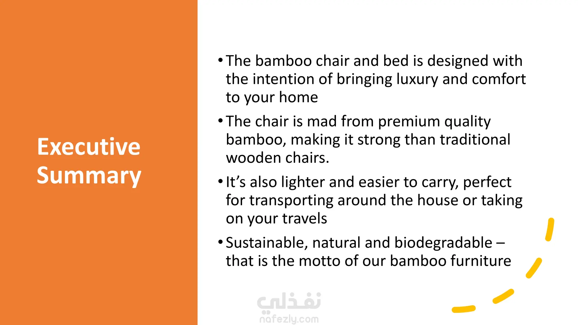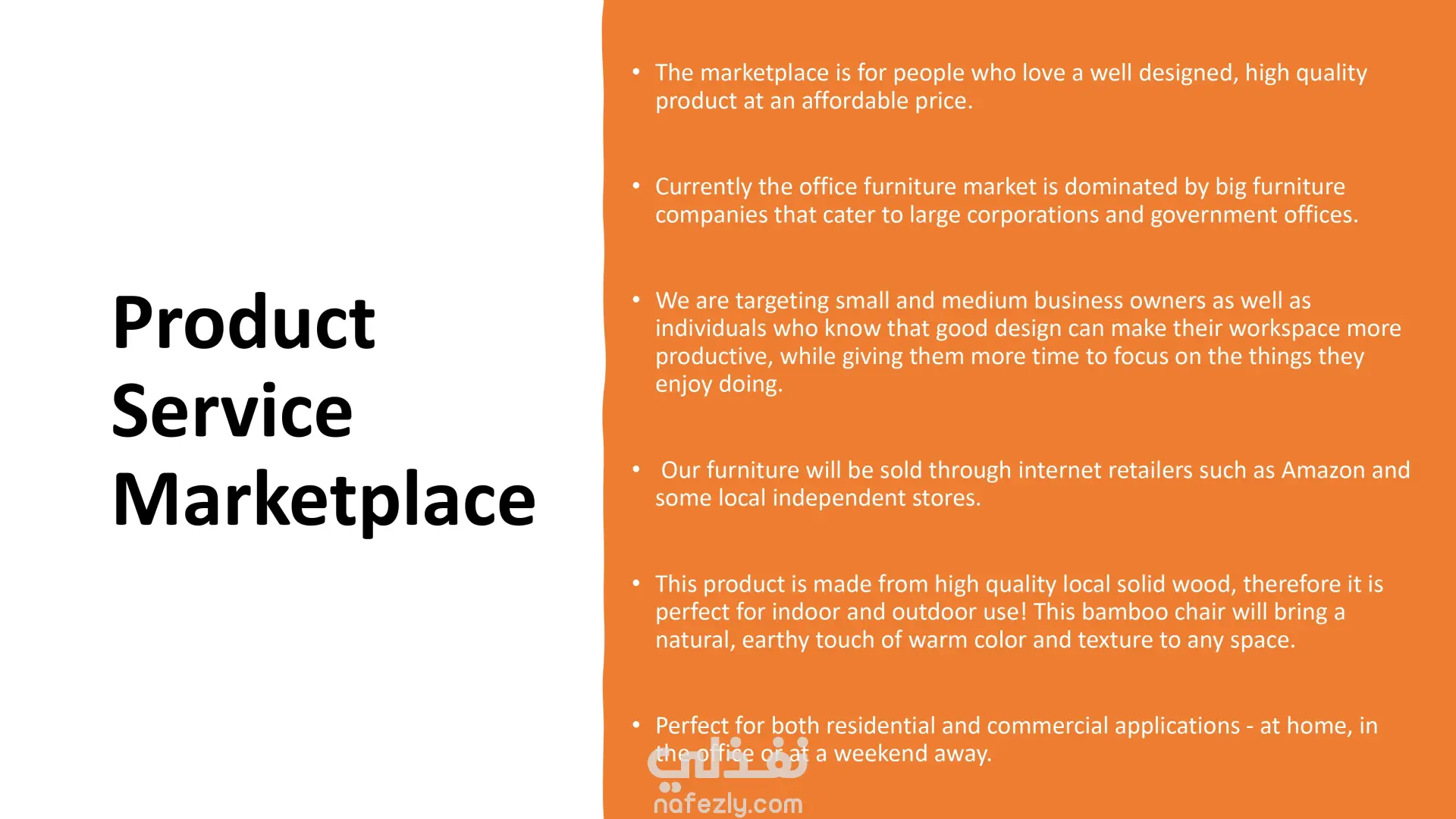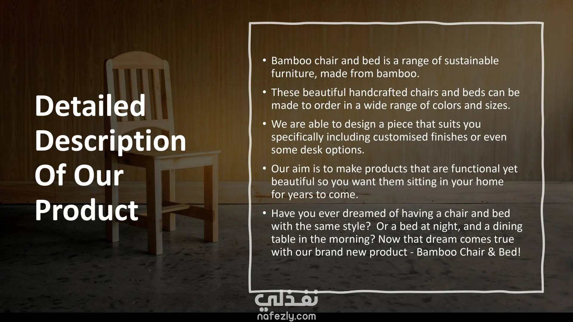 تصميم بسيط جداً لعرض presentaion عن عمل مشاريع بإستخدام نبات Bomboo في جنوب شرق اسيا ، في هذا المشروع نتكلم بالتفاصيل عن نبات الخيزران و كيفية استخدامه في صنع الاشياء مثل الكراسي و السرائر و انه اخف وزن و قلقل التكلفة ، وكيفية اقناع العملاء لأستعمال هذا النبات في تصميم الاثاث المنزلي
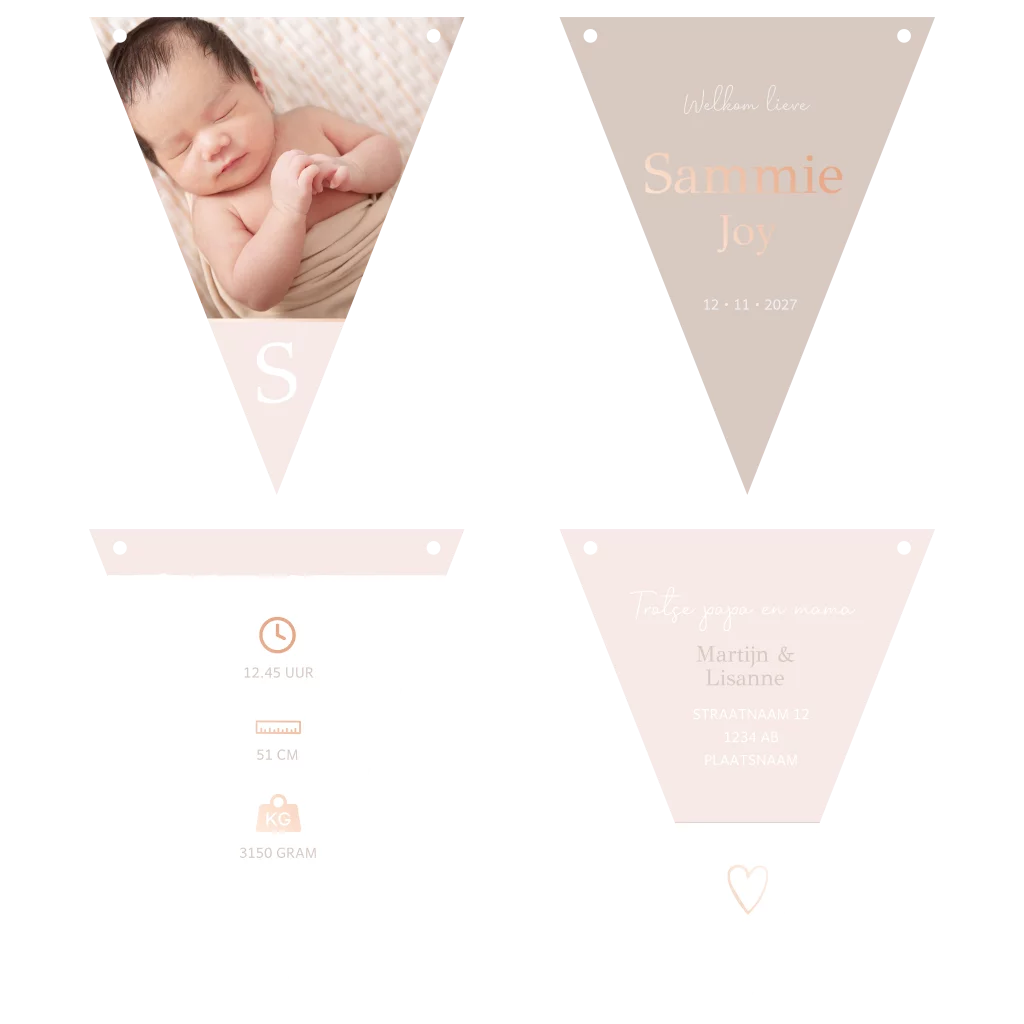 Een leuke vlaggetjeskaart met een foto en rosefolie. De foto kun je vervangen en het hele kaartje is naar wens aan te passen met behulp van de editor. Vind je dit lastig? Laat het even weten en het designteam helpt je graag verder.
...
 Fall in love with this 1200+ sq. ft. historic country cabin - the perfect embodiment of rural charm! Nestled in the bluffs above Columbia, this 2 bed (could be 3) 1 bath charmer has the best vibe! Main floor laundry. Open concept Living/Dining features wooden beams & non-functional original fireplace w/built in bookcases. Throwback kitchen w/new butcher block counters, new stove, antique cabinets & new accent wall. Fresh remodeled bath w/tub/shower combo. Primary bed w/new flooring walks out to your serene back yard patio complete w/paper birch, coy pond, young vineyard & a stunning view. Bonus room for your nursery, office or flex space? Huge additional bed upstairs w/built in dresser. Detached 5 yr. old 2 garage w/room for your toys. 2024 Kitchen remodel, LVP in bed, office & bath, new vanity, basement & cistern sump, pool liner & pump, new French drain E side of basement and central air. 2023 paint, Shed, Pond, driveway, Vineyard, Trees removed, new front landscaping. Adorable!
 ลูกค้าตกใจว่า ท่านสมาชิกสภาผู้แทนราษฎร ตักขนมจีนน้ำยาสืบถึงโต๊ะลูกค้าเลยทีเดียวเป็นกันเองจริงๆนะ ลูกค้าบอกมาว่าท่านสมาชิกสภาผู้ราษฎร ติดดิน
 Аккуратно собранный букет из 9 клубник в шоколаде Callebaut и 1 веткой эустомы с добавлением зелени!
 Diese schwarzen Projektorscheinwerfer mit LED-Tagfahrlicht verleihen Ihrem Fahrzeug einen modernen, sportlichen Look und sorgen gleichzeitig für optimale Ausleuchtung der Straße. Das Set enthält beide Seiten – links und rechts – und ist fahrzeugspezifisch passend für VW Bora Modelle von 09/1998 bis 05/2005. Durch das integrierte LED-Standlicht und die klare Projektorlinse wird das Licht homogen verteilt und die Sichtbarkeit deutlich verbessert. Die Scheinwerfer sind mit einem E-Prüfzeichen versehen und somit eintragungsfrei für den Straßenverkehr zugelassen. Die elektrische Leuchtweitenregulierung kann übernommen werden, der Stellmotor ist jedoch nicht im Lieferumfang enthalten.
* * *
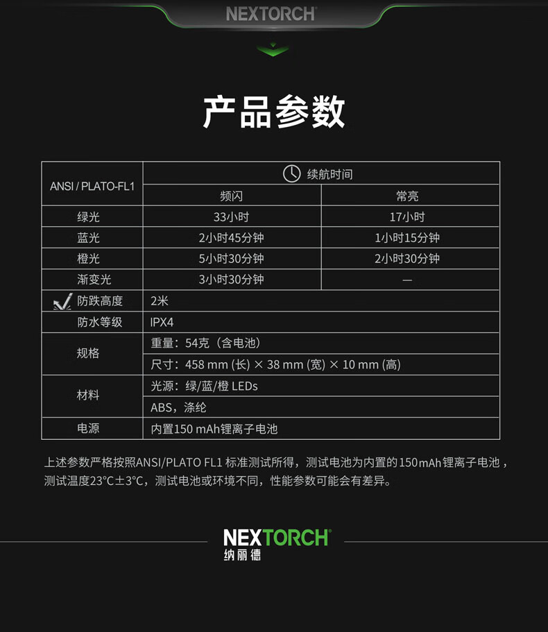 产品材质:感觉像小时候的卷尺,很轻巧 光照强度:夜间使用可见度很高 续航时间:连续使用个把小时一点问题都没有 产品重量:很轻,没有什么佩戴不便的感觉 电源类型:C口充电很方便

PROBLEM DETAILS: From the entries above, write out only the lines starting at the line that holds "Аккуратно собранный букет" and ending at the line that holds "Diese schwarzen Projektorscheinwerfer", keeping both and matching them exactly.

EXERCISE RESPONSE:
 Аккуратно собранный букет из 9 клубник в шоколаде Callebaut и 1 веткой эустомы с добавлением зелени!
 Diese schwarzen Projektorscheinwerfer mit LED-Tagfahrlicht verleihen Ihrem Fahrzeug einen modernen, sportlichen Look und sorgen gleichzeitig für optimale Ausleuchtung der Straße. Das Set enthält beide Seiten – links und rechts – und ist fahrzeugspezifisch passend für VW Bora Modelle von 09/1998 bis 05/2005. Durch das integrierte LED-Standlicht und die klare Projektorlinse wird das Licht homogen verteilt und die Sichtbarkeit deutlich verbessert. Die Scheinwerfer sind mit einem E-Prüfzeichen versehen und somit eintragungsfrei für den Straßenverkehr zugelassen. Die elektrische Leuchtweitenregulierung kann übernommen werden, der Stellmotor ist jedoch nicht im Lieferumfang enthalten.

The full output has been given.